1. I spent some time getting familiarity with the NRE and coro code, and 10 minutes producing the invariant checker. No feeling of wasted time, thanks for asking.

2. "Imperfection" is in the eye of the beholder, since the invariant also caught issues in the test suite, and can report that they are solved by Miguel's patch.

3. There's no need to be lecturing people about a culture of "if it doesn't fail within 10 lines...". Nobody feels this way around this table.
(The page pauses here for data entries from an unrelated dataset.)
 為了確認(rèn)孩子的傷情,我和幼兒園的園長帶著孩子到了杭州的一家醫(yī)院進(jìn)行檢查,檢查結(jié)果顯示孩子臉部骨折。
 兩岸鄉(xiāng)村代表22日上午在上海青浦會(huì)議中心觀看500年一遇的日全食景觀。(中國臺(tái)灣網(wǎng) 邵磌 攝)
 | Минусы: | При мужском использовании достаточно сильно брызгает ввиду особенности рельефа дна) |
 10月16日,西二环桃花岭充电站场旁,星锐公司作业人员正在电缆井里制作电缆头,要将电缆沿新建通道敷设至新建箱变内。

It was obvious from the start that you had a crash. Turning hex printf's into a check is not an attempt to prove that' there is no bug, it is an attempt to catch it earlier.
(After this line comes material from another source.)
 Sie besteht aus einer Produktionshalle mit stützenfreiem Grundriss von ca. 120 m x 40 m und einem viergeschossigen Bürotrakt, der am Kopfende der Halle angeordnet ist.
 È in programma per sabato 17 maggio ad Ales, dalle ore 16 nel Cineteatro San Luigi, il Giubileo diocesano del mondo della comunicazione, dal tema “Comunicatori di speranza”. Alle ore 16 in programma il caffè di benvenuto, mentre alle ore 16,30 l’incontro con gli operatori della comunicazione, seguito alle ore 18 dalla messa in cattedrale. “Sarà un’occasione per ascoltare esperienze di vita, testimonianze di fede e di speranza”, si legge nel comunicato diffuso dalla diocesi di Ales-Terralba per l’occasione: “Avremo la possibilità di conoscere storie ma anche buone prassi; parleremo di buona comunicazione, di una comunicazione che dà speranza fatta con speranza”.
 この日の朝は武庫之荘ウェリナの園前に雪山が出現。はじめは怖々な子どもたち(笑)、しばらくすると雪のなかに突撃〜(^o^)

4. I 'm also glad the bug's fixed, and I also acknowledge the accuracy of your analysis from the start. If only you could leave your Colt on your side.

coldstore added on 2010-06-01 08:10:22:

File Added - 375778: csegv3.tcl

coldstore added on 2010-06-01 07:48:44:
1. I haven't tested it, as I'm sure it'll work now we know what was going on.
2. the last 11 messages from here ended up in my Junk folder, mis-tagged as spam by the automation.
3. if I had known that the problem was that it couldn't be reproduced in 10 lines was the problem I'd have done it sooner.
4. in the wild, the bug symptoms occurred over 10000 stack ops away from its actual cause
5. I'd built a test harness *many* days ago to diagnose and provoke the bug,
6. I'm pretty sure I explained how the test harness provoked the bug (by assigning clearly spurious values to the next pointer in the deleted stack contents.)
7. nobody but me actually used the test harness I built.
8. because of 2, 6&7, I was unaware that Alexandre was spending time reproducing the test harness, imperfectly.
9. Just ... bleah.
10. I'm glad the bug's fixed.

My take-home is this:
1) A culture of 'if it doesn't fail within 10 lines, it's not a bug' is not conducive to good software.
2) the issue tracker emails don't always arrive.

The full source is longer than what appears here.